Wednesday, July 16, 2014

Book 66: The First Fifteen Lives of Harry August

This was one of those novels I stumbled upon while at the bookstore, and even though I had never heard of it before, the cover and the title caught my interest.  Having read Replay and Life After Life, I was definitely interested in the premise of a hero who relives his life.  Harry August, the narrator, relives his life over and over again, making changes and adjustments as he wishes.  However, he is part of a greater community of people with this same ability, people randomly scattered throughout the world and time.  As a result, these people are actually able to communicate with the past, usually by playing a complicated and long game of telephone, where someone asks someone who is older a question, who then asks an older person once he is reborn as a child.  The novel begins when a message comes to Harry August from the future, telling him that the world is ending faster than every before.

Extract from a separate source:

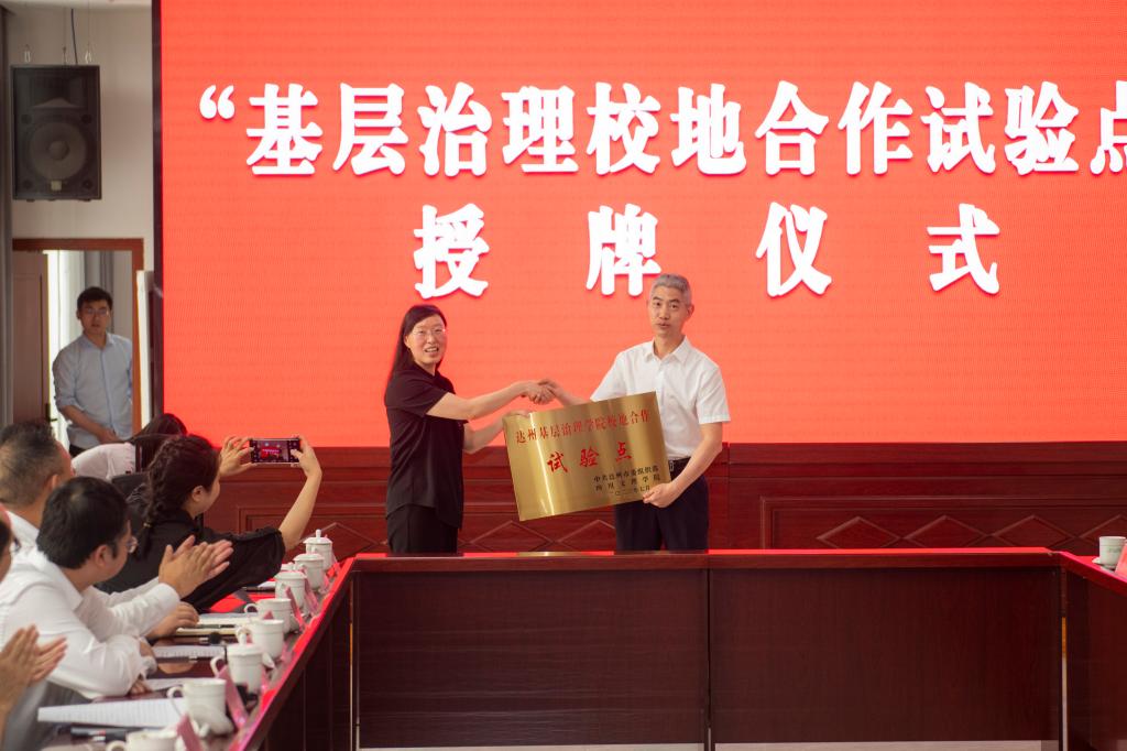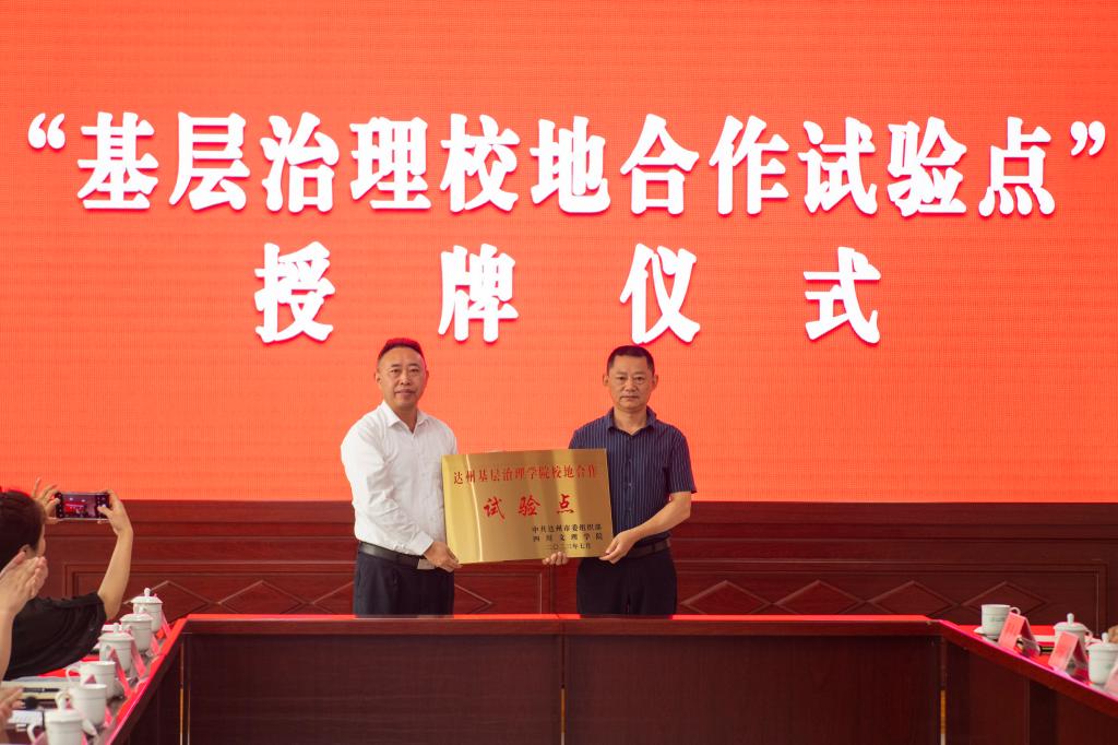 侯忠明代表学校向固军镇大桥村捐赠第二批价值21万元的路灯、凸光镜等设施设备,向万源市检察院颁授“ac米兰官网中文网站实践教育基地”牌匾;副校长邓杰向万源市检察院颁授“达州基层治理学院校地合作试验点”牌匾,党委组织部部长涂德祥向大桥村颁授“达州基层治理学院校地合作试验点”牌匾。

The community of kalachakra have set themselves some rules and it mostly involves not changing the world order.  The fact that the end of the world is speeding up means someone is introducing concepts, idea and technology much earlier than originally developed, and Harry may be the key to discovering the culprit behind this.

While the novel starts with a great mission to save the world, the story is actually told at a much more leisurely pace than I expected, exploring Harry's different lives and experiences, the rules that have guided his lives and those similarly afflicted, and certain actions he repeats in all his lives compared to the things that change throughout.  While I was initially surprised by the pace, it actually worked for the novel - after all, who hasn't pondered what they would change or do differently if they could start life over with the knowledge of all that they have done, and how history will turn out?  Harry, additionally, is rather unique because he can remember everything that has happened in all his lives.  Most of the others forget details as repetition and time blurs things together.  There is also a process that allows fellow kalachakra to erase all the memories and begin again, living a first life again after they have either sinned against their kind or become too disillusioned or unhappy to want to continue with their lives.

I'm definitely glad I took a chance on this one (although does it really count as a chance when it had a four star rating on Goodreads - still I hadn't seen it on CBR).  It was also nice to read a novel that really dealt with the opportunities and choices - while I liked Life After Life, the character had only vague premonitions not to do things that had previously endangered her, so I enjoyed reading a novel about a man who actively lives his life over and over again, leading to drastically different circumstances from one life to the next.  It also led to a variety of moral and ethical questions and quandaries regarding how much one should try to influence the future for the better, especially when being reborn simply means it would need to be done again and again if it even had the right effect.